If you are concerned that I've gone all barnyard with my last two titles, think again. Animals have always been a good analogy for railroading of all kinds. After all, it is an iron horse.
Anyway, I thought I'd pass along the real cost of operating my state's commuter railroad, Railrunner Express. My source is an Op-Ed piece submitted by Larry Abraham and published by the Albuquerque Journal. Mr. Abraham is the Vice-Chairman of the Rio Metro Regional Transit District board, and also happens to be the mayor of Los Ranchos de Albuquerque. Mr. Abraham is concerned that NM taxpayers will be paying for the train for a long, long time and there will be new and still-hidden costs to keeping it in operation.
The most disturbing part of all this is that the capitalization of Railrunner appears to have been done in the darkness of political subterfuge. It is easy for any of my readers to say that it is impossible that the public didn't know what was going on. All I can tell you is that the details were kept so complicated and changed so often that eventually everybody just accepted Gov. Bill Richardson's mantra. "Don't worry. Be happy. We're getting a train!"
So to the details - and I am paraphrasing Mr. Abraham. The state spent a half billion on RailRunner. NM issued highway revenue bonds to pay for it.

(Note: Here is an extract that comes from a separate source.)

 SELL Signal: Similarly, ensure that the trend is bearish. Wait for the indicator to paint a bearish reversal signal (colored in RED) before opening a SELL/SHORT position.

This mean that with principal and interest the state will have to pay $850 million over the next 16 years or $18 million a year with two balloon payments (in 2025 and 2027) of $230 million each. On the revenue side, the train will take in about $60 million, and it is unclear whether that is all farebox or some creative accounting is adding federal grant money, etc.
More recently than the date of publication of Mr. Abraham's editorial, we have learned that the track needs $25 million in maintenance that is not budgeted, and there is an undetermined cost over the next decade to meet federal requirments for Positive Train Control.

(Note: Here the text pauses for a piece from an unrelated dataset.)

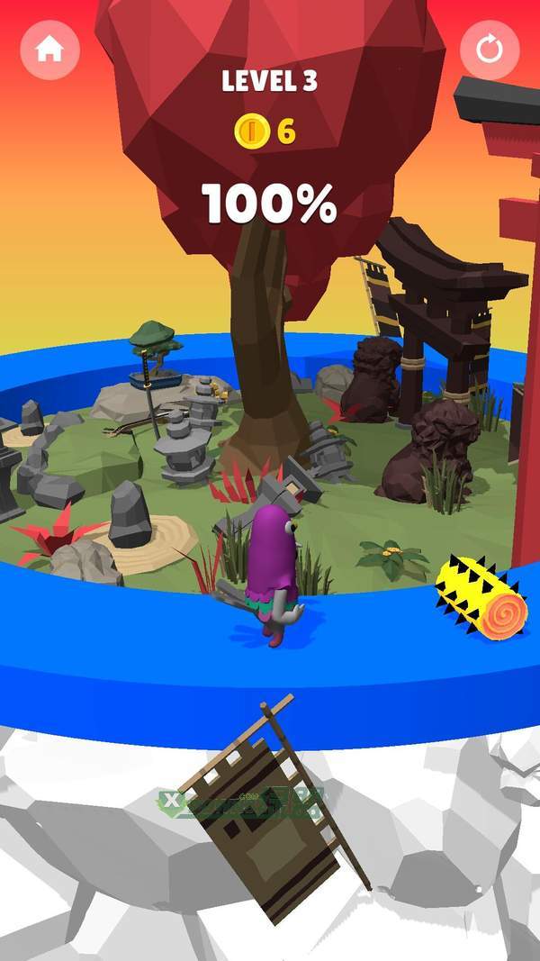 1.点击屏幕以控制您的角色越过圆圈,但不能撞到前方的障碍物;

If you want to make ugly comparisons, this money could have purchased every current rider a new car for every year until the bonds are paid off, or could have paid for a leased car and hired a chauffer for the trip. That's efficiency in the use of tax dollers!
I don't think shutting down the train is an option. We pay for it anyway, whether it is running or not. What I do think needs to be done is for it to be stopped in the short term until we can develop a business plan where fares come far closer to covering fixed costs. It's not so unreasonable, for example, to note that a round trip to Santa Fe from Albuquerque in you car is going to use about half a tank of gas. That's going to be near $30 at today's gas prices. So why not bring fares closer to this? Will we lose riders? Maybe some. But as long as the attraction is "not driving" and the cost is somewhat less, the riders will be there. We can lower the fares when the volume of riders goes up.
Some wags have said we should do it the other way around. Lower fares almost to nothing and watch the volume soar. Then adjust the fares upward when people get used to using the train. I don't think we can afford to spend the extra money in this economy when we are already spending more than enough for this little train.
I love trains. I love passenger trains. But bad examples of bad planning using somebody else's money aren't going to make people any more train-friendly than they already are.